Friday, January 10, 2014

Puzzling Out The Past

As I get older, I increasingly recognize myself as a piece in a puzzle. I cannot see the whole picture, but the further I look beyond those pieces immediately connected to me, the more I find I have a clearer idea of who I am. I come from a long line of tradesmen and artisans, from tailors and cobblers, to fishermen, carpenters, and brewers. It is little wonder then, that I am someone who must DO to think. That I am most content when I am working with my hands, and why I cannot tolerate too much time stuck indoors.  

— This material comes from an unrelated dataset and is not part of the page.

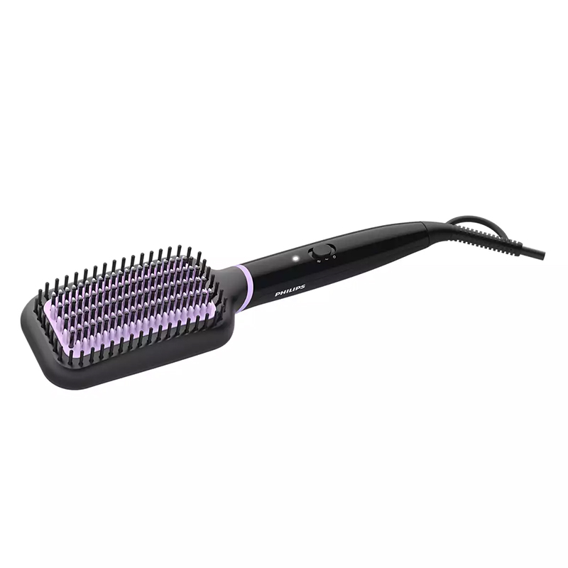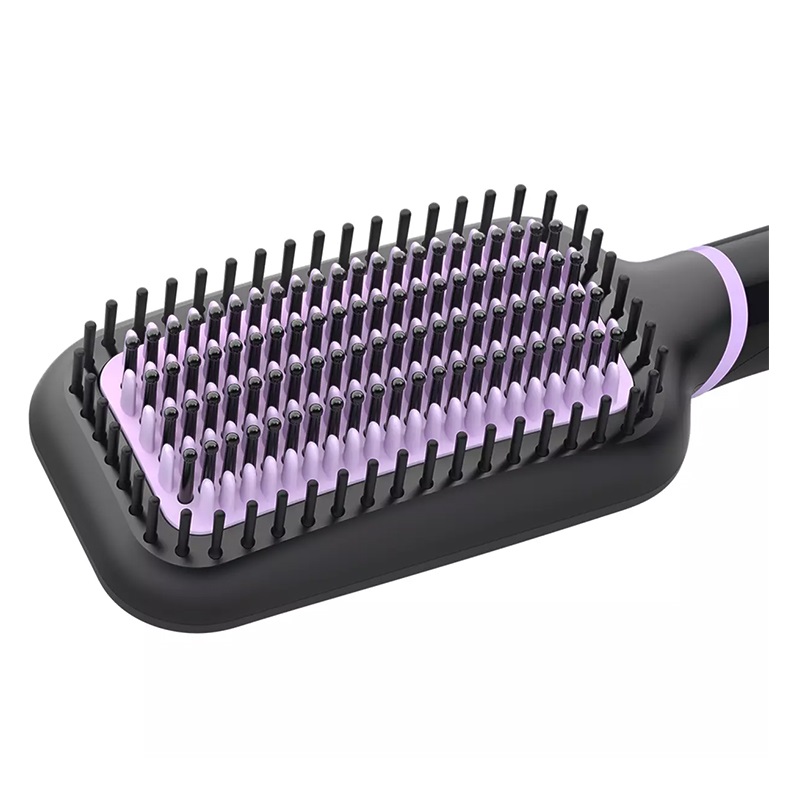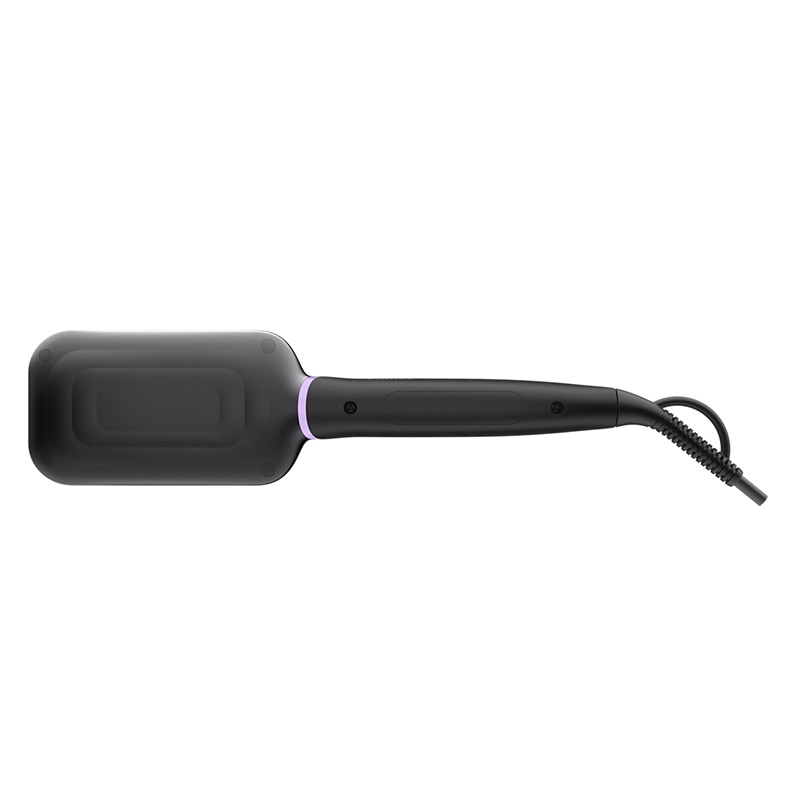 برس حرارتی مو فیلیپس مدل BHH880 قادر است تنها در مدت زمان 5 دقیقه فرایند حالت دهی و یا صاف کردن موهای شما را بدون برجای ماندن وز بر روی آن به انجام برساند. برخورداری این برس از پوشش سرامیکی تورمالین سبب شده ضمن ایجاد حرکتی روان بر روی موها، از ایجاد وز بر روی موها جلوگیری شده و ظاهری صاف و براق به آنها ببخشد. محافظت از مو در برابر اعمال حرارت بیش از اندازه امری قابل توجه در فرایند رسیدگی روزانه به موها به شمار میآید. از همین رو این دستگاه با بهرهگیری از فناوری ThermoProtect با تنظیم خودکار دمای بهینه و متناسب برای حالت دهی موهای سر، از ایجاد دمای بیش از اندازه جلوگیری کرده و از سلامت موها در حین انجام فرایند محافظت میکند. طراحی دندانههای این برس در 3 ردیف با چینشی مناسب، مانع از گیر کردن و گره خوردن موها در آن شده و در عین حال از پوست سر نیز در برابر حرارت مراقبت میکند. سطح این برس دارای ابعاد قابل توجه 6 سانتیمتر مربع بوده و از طراحی پارویی شکل بهره میبرد. داغ و آماده بهکار شدن برس حرارتی مو فیلیپس در مدت زمان 50 ثانیه صورت میپذیرد. پس از آن با استفاده از امکان تنظیم دما قادر به شروع فرایند حالت دهی بر روی موهای خود خواهید بود؛ تنظیمات دمایی در 2 سطح و در دماهای 170 درجه و همچنین 200 درجه سانتیگراد متناسب با نوع جس مو و نیز فرایند موردانتظار شما قابل کنترل است. توصیه میشود از سطح دمایی 170 درجه بهمنظور حالت دهی موهای آسیبدیده و یا معمولی و از سطح دمایی 200 درجه در جهت رسیدگی و کار بر روی موهای ضخیم و فرایندهای حالت دهی دشوارتر استفاده شود. آماده بهکار بودن دستگاه از طریق چراغ نشانگر تعبیه شده بر روی بدنه آن قابل مشاهده است. برخورداری محصول از کابل برق 1.8 متری چرخان حداکثر انعطافپذیری و دسترسی آسان به تمامی قسمتهای مو را مهیا کرده است. گفتنی است سیستم ایمنی دستگاه پس از انجام مداوم فرایند تا مدت زمان 60 دقیقه، برس را به طور خودکار خاموش خواهد کرد
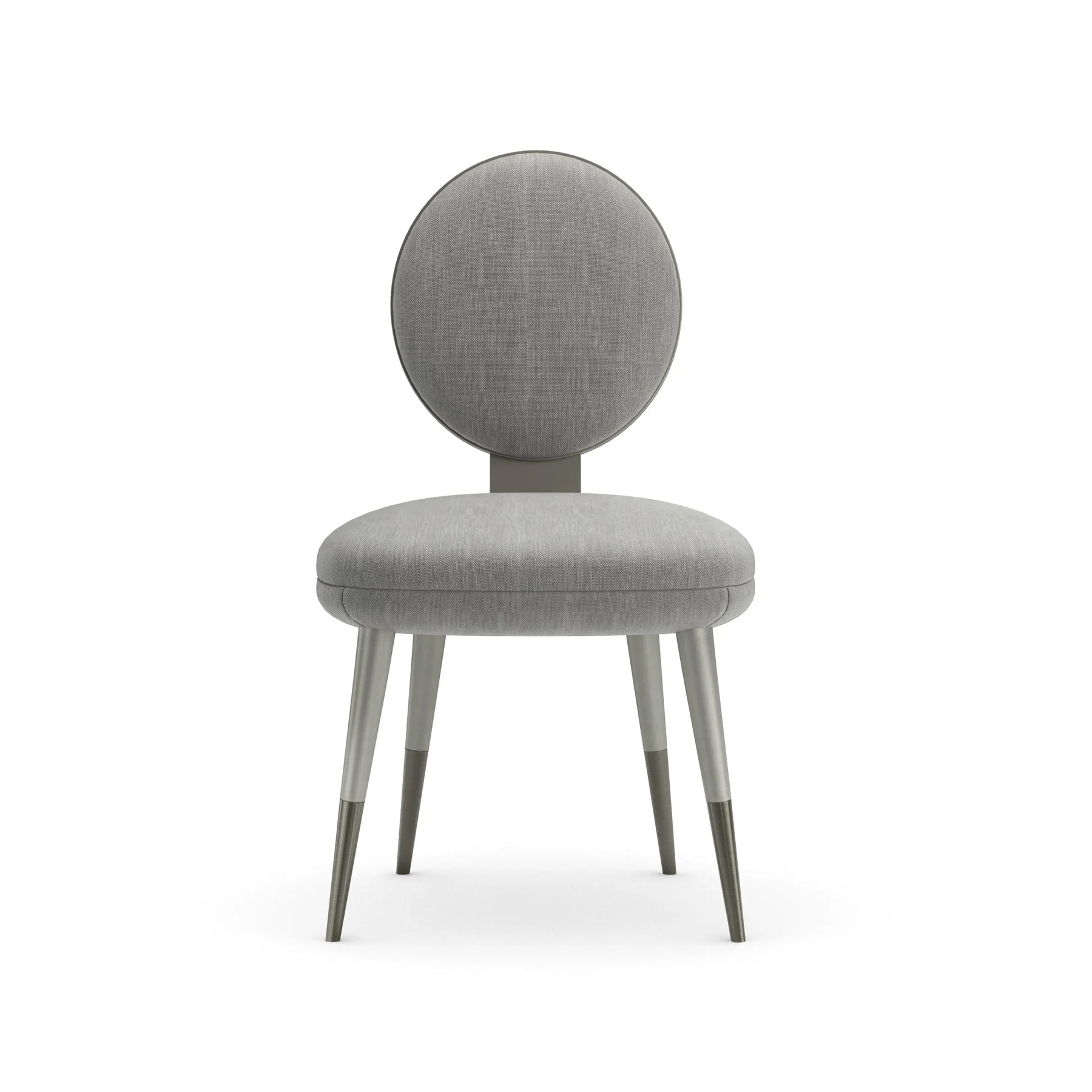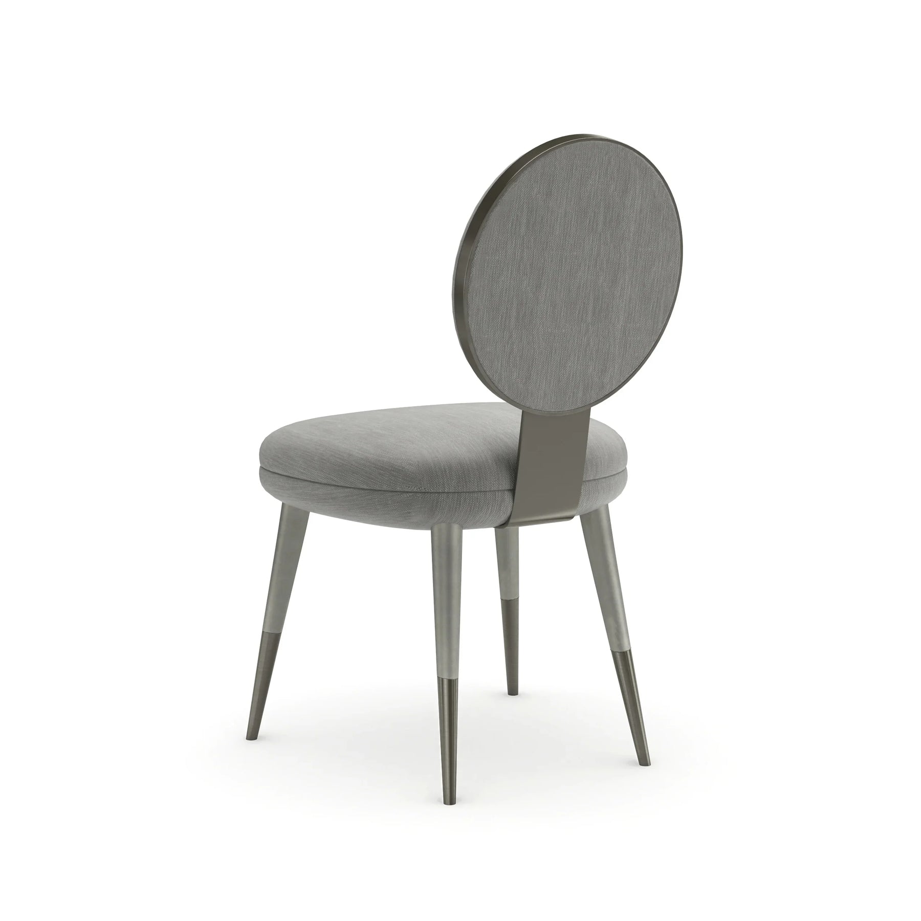 A contemporary take on neoclassical styling, this round back dining chair adds welcoming warmth and a note of tonal glamour. Meticulously tailored in a metallic dark grey woven fabric, its metallic dark grey Smoldering Paint frame gives a nod to the Atomic Age with tapered legs and iconic metal ferrules in a Deep Bronze. This chair is perfectly pitched for comfortable seating from dining table to desk or bedroom vanity.

Cooking is a path that I have found to connect me to past. To continue the metaphor, it helps to fill in the margins of what I can already see, and what I know about myself and the world I live in. When I make, for example, my great grandmother’s brown sugar shortbread cookies, I can in some small way sense the link between myself and a woman I was not fortunate enough to meet during her lifetime. The meat pies and stews I crave all winter long are a culmination of my shared Scottish, English, and French Canadian heritage which is also the reason tea resonates so strongly with me. And why I like it, as my great grandfather was fond of saying, “hot, sweet, and strong enough to walk on.” Cooking also connects me to that deep unknowable past, not only my own heritage, but to the heritage we all share. No matter how sophisticated the technique I may use in my kitchen today, cooking is as its essence the alchemy of food and fire. It is the means of caring for, binding, and nourishing your tribe.